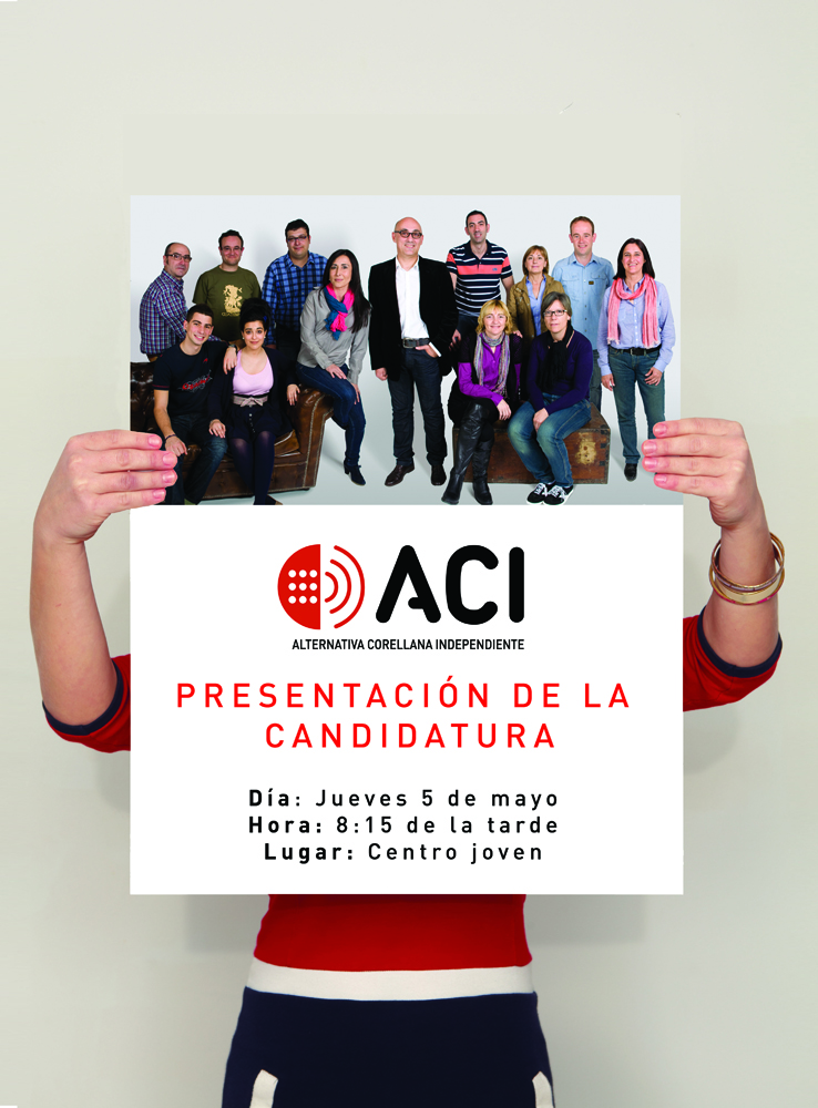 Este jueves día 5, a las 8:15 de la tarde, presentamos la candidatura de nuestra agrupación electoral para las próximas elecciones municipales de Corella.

□ □ □ □ □ □ □

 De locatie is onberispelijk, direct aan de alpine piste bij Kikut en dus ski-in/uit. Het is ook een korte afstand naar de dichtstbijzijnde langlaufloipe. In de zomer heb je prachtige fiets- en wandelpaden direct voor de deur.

□ □ □ □ □ □ □

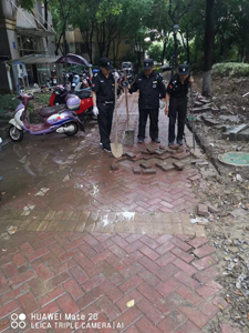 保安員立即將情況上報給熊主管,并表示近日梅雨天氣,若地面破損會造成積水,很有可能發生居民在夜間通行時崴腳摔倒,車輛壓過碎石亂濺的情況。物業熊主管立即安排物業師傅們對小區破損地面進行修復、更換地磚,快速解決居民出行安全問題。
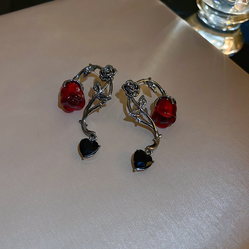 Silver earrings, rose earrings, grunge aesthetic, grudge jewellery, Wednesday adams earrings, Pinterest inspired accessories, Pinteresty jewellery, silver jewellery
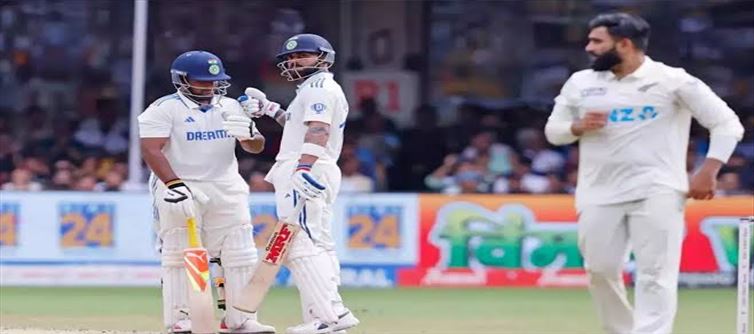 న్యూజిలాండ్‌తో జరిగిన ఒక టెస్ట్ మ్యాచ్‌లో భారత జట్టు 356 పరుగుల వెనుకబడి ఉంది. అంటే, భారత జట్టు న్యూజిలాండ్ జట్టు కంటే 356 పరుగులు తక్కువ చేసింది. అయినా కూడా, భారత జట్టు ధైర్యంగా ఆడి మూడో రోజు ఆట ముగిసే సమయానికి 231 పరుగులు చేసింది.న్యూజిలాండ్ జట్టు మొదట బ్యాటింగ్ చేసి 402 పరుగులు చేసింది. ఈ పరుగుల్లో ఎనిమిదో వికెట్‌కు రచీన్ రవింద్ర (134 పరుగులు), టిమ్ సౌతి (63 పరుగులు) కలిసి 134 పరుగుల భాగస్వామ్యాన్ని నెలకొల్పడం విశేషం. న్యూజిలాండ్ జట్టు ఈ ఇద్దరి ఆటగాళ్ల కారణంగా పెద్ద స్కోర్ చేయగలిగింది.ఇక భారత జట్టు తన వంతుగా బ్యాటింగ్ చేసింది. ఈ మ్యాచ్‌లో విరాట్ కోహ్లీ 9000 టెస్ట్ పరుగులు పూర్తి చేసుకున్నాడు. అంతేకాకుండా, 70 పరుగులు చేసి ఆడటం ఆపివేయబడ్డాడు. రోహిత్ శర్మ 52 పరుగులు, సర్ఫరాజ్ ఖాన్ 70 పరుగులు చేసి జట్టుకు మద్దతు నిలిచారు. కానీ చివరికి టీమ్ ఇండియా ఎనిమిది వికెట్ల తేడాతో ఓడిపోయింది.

□ □ □ □ □ □ □

Exercise requirements> For this exercise, set down the lines in the entries above from the one with "Silver earrings, rose" through the one with "న్యూజిలాండ్‌తో జరిగిన ఒక" exactly as written, without any pictures.

Task answer>
 Silver earrings, rose earrings, grunge aesthetic, grudge jewellery, Wednesday adams earrings, Pinterest inspired accessories, Pinteresty jewellery, silver jewellery
 న్యూజిలాండ్‌తో జరిగిన ఒక టెస్ట్ మ్యాచ్‌లో భారత జట్టు 356 పరుగుల వెనుకబడి ఉంది. అంటే, భారత జట్టు న్యూజిలాండ్ జట్టు కంటే 356 పరుగులు తక్కువ చేసింది. అయినా కూడా, భారత జట్టు ధైర్యంగా ఆడి మూడో రోజు ఆట ముగిసే సమయానికి 231 పరుగులు చేసింది.న్యూజిలాండ్ జట్టు మొదట బ్యాటింగ్ చేసి 402 పరుగులు చేసింది. ఈ పరుగుల్లో ఎనిమిదో వికెట్‌కు రచీన్ రవింద్ర (134 పరుగులు), టిమ్ సౌతి (63 పరుగులు) కలిసి 134 పరుగుల భాగస్వామ్యాన్ని నెలకొల్పడం విశేషం. న్యూజిలాండ్ జట్టు ఈ ఇద్దరి ఆటగాళ్ల కారణంగా పెద్ద స్కోర్ చేయగలిగింది.ఇక భారత జట్టు తన వంతుగా బ్యాటింగ్ చేసింది. ఈ మ్యాచ్‌లో విరాట్ కోహ్లీ 9000 టెస్ట్ పరుగులు పూర్తి చేసుకున్నాడు. అంతేకాకుండా, 70 పరుగులు చేసి ఆడటం ఆపివేయబడ్డాడు. రోహిత్ శర్మ 52 పరుగులు, సర్ఫరాజ్ ఖాన్ 70 పరుగులు చేసి జట్టుకు మద్దతు నిలిచారు. కానీ చివరికి టీమ్ ఇండియా ఎనిమిది వికెట్ల తేడాతో ఓడిపోయింది.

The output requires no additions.